There has been at least one attempt to recover the word in the 1992 short documentary, Return of the Scorcher, but I think they misunderstand scorching:
In the 1890's, before automobiles ruled the roads, bicyclists were referred to as "Scorchers" because of their blazing speed. A century later, in a world filled with car-related environmental and social problems, Return of the Scorcher discovers an inspired and evolving bicycling renaissance.
The problem with scorching wasn't the speed, it was inconsiderateness for slower users of the roadway or sidewalk.

Scorching doesn't describe all the forms of behavior against norms. Bike salmon, those who bike the wrong-way against traffic in a bike lane, and the cautious running of red lights and stop signs - these minor infractions aren't instances of scorching, and we have other ways to talk about them, not all of which need involve opprobrium. Many engaged in salmoning do so because the roadways and bike lanes don't seem safe or comfortable to them, not because they derive pleasure from flouting the law or otherwise being a jerk. Car drivers routinely roll stop signs, and it seems like there are a lot of instances where a careful "yield" is as good or better than a stop.

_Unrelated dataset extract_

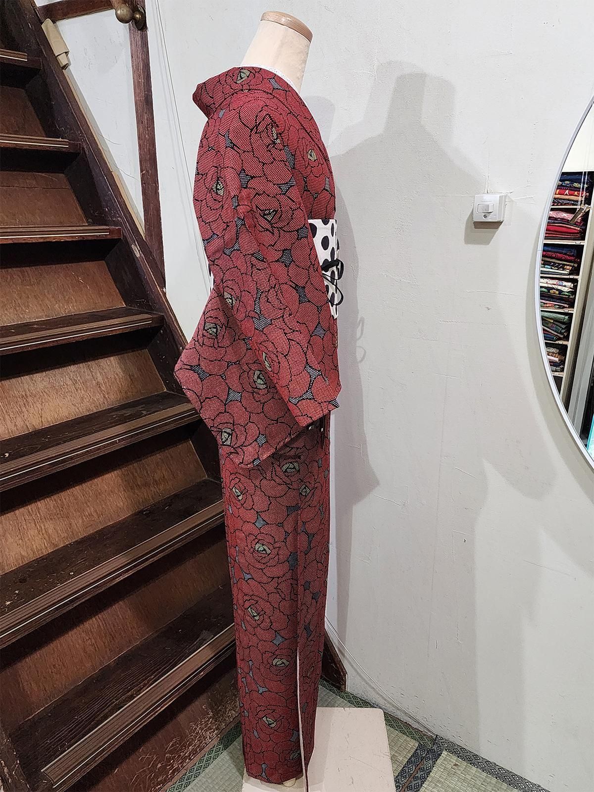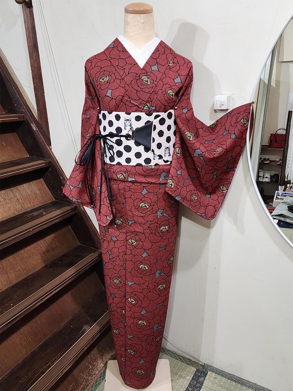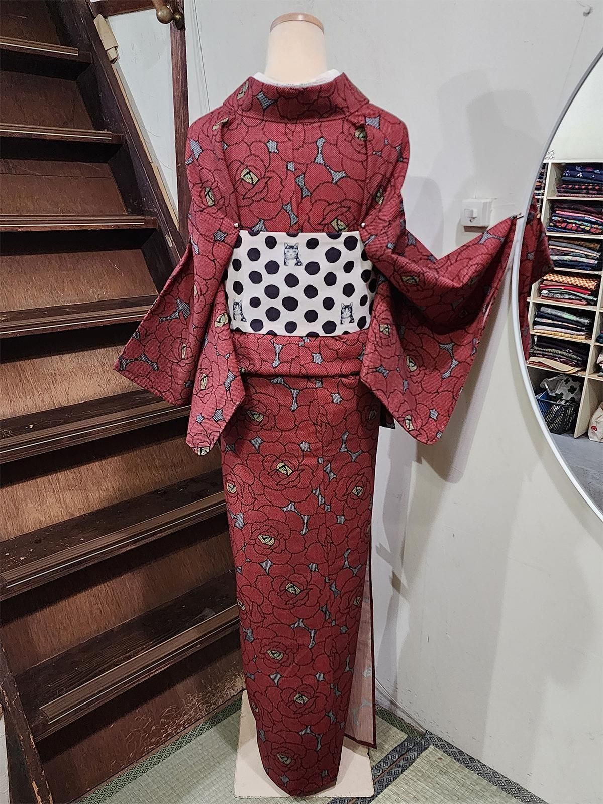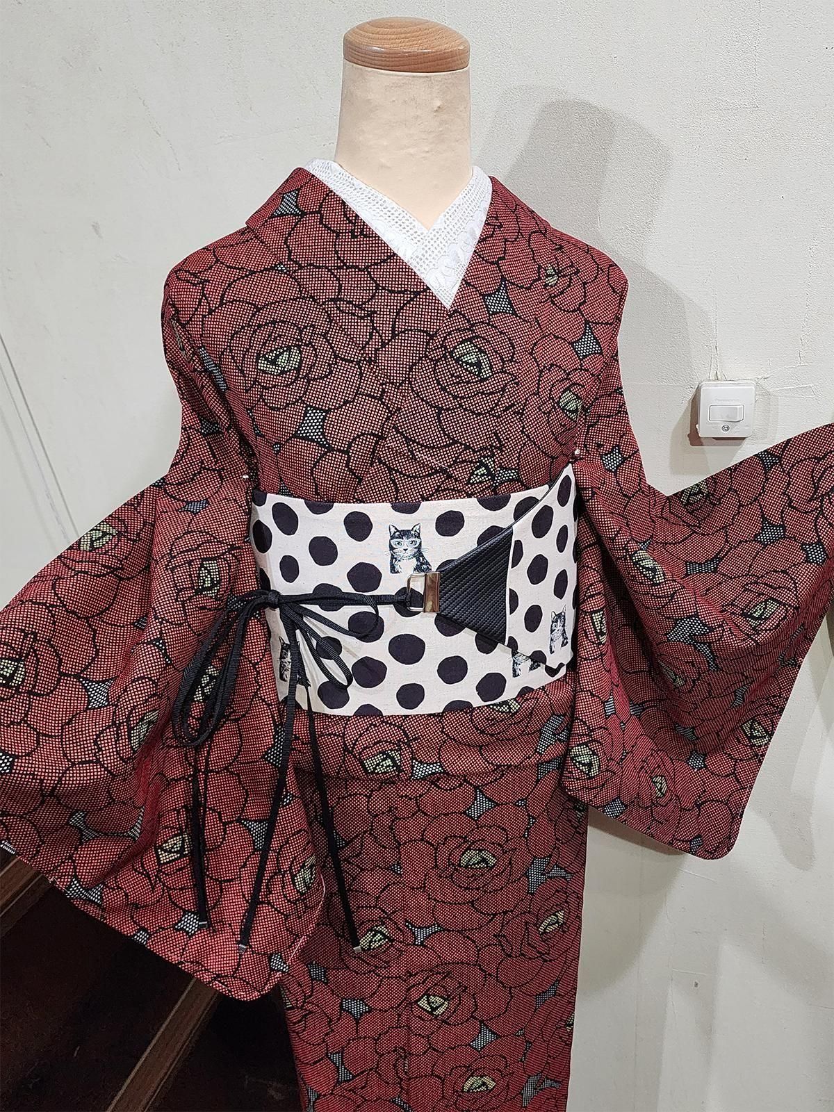 スカーレットルージュの薔薇にブラックチェックを重ねたグラフィカルでアートなデザインにときめくウール単着物

Some of course talk too much about the misbehavior of people on bike. Just as the woman on bike could be a symbol of arrogance and trouble in 1900, so to some today just about any person on bike is a threat to the social order in the 21st century.

The arrogance!
But we know better.

Update

Apparently it was in the air. BikePortland also has notes on scorching.
Postscript, September 4th, 2017

September 1st, 1917
Here's an interesting development! This hasn't seemed to be a common usage, though perhaps more instances will surface, but here's an example of a bike term being extended to automobiles. "Scorching" could be extended to describe autoist speeding and reckless driving.
RECKLESS MOTORISTS

When one complains of reckless driving of automobiles, many people take the easy going view that as 93 per cent of motorists are cautions drivers it is not worth while to take severe measures. It is probably true that not more than five percent could be called reckless. Yet five people can make things mighty uncomfortable and perilous for the other 95.

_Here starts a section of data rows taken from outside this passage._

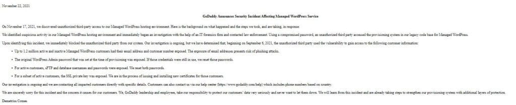 El reporte, firmado por el director de TI Demetrius Comes, señala que GoDaddy identificó la actividad sospechosa en el mencionado entorno de hosting, por lo que de inmediato se puso en contacto con la una firma de ciberseguridad y se alertó a las autoridades correspondientes.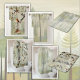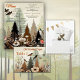 Uma ilustração encantadora de arte num estilo moderno retrata vários pinheiros verdes, altos, leves, médios e escuros, com um fundo cremoso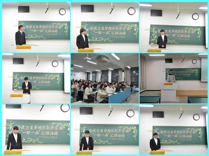 为全面贯彻落实团的十八大和全国学联二十七大精神,推动公共卫生学院团委、学生会改革创新,聚焦育人成效,及时总结凝练、取长补短,加强学院团学组织内部凝聚力,紧紧围绕中心、自觉服务大局,12月11日,公共卫生学院团委、学生会在3201教室举办2021年“一部一品”特色工作汇报活动。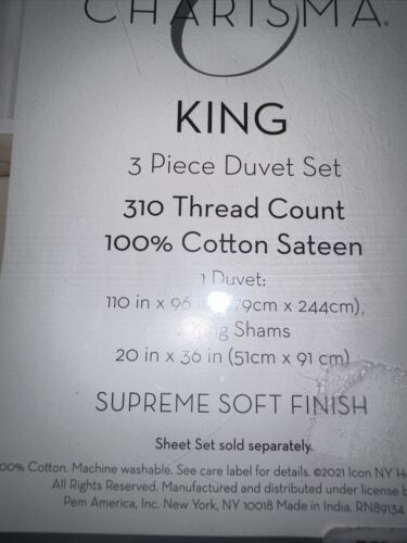CHARISMA 3pc KING DUVET SET 310tc IVORY NIP $395 VERY VERY SOFT BEAUTIFUL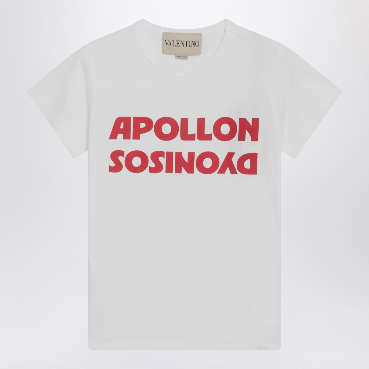 White cotton T-shirt by Valentino, featuring ribbed crew neck, short sleeves, red contrasting Apollon/Dionysus print on the chest, and regular fit.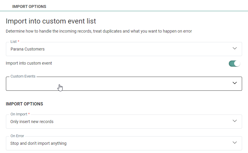 To import into a Custom Events List, you first need to select the Audience List. A toggle allows activating the import into Custom Events. All Custom Events linked to the selected Audience List are listed in the drop-down below the toggle: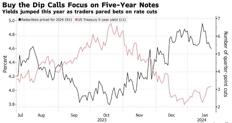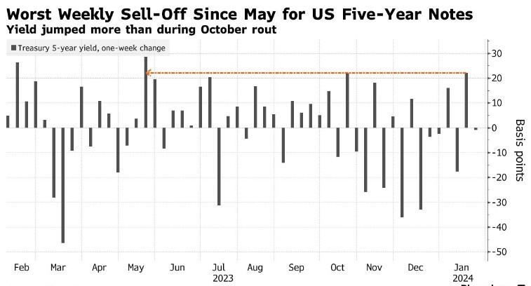 5年期美国国债收益率上周攀升22个基点,为截至5月19日的这一时期以来的最大涨幅,原因是交易员大幅削减了对美联储今年降息的押注。上周五,由于美联储官员的持续推诿,再加上零售销售数据良好,3月份降息的可能性跌至近40%。市场目前预计美联储今年将降息五次25个基点,此前1月12日预计将降息六到七次。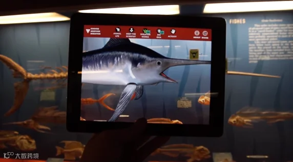 下面是个直观的例子,自然历史博物馆通过AR应用改变了化石展览的形式。通过应用程序,访问者可以将手机覆盖在化石上,并看见动物“原地复活”,与化石有关的背景也将栩栩如生被展示出来。类似技术将被应用于景区展览,想象眼前的古建筑在你面前拔地而起,或眼前历史人物“活过来”,并与你热情互动。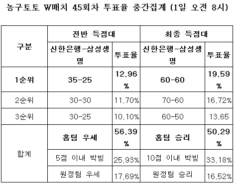 국민체육진흥공단(www.kspo.or.kr)이 발행하는 체육진흥투표권 수탁사업자인 스포츠토토의 공식 온라인 발매사이트인 베트맨(www.betman.co.kr)은 오는 2일 오후 5시 안산 와동실내체육관에서 열리는 2010-2011 여자프로농구 신한은행-삼성생명전을 대상으로 한 농구토토 W매치 45회차 투표율 중간집계 결과, 전체 참가자의 50.29%는 신한은행이 삼성생명을 상대로 근소한 우세를 보일 것으로 전망했다고 밝혔다.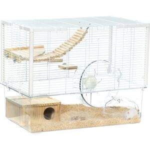 Feature: Platform and ramps for pets to move around easily Food dish and water bottle for simple feeding Wheels at the bottom for easy movement Deep base allows for straightforward cleaning and bedding Narrow 0.8cm steel wire spacing, preventing pets from escaping Dual-opening doors ensure hassle-free access and pet interaction A suitable size for dwarf and Syrian hamsters, as well as gerbils Assembly required Specification: Colour: Black Material: Steel and PP Overall dimensions: 57H x 57L x 43Wcm. Base: 35H x 57L x 43Wcm. Main cage: 24H x 51L x 36Wcm. Door: Front/top: 12.5H x 12.5Wcm. Layer: 35L x 25Wcm. Ramp: 40L x 8Wcm. Food dish: 3.5H x Φ10cm. Water bottle: 125ml. Wire spacing: 0.8cm Item label: D51-431V00BK 1 x Hamster cage 1 x Ramp 1 x Food dish 1 x Water bottle 1 x Manual

The number of accidents happening all the time is a warning. After one has been through a smash and has been laid up and had to pay hospital bills the thing begins to look serious.

One trouble is that in most places the local police dislike to enforce the law strictly, being fearful of making enemies. It is all right arresting thieves and drunks who have no friends. To file a complaint against some socially influential person, who never feels competent to drive until he has tucked away several highballs, is another proposition.

Yet public sentiment will support strict enforcement of tho law. The people of any neighborhood know who the speeders are. Let them notify some official who will complain to the mo tor licensing authorities. Those authorities have detectives on the trail of all alleged speeders.

This done, it is easy to secure evidence. Once a man gets the scorching habit he keep it up. He is not content, with any beggarly 25 miles an hour, but with a whoop he opens his throttle, regardless of obstructions to view and other traffic. Fines do not influence him. Juries are too good natured to jail him. Let him lose his operator 's license a year or two, and he will take notice and others like him also. - Pendleton Tribune.

1 comment:

Salem Breakfast on Bikes said...

Updated with a later note on automobile scorching, an interesting extension of the word's meaning from biking to car driving.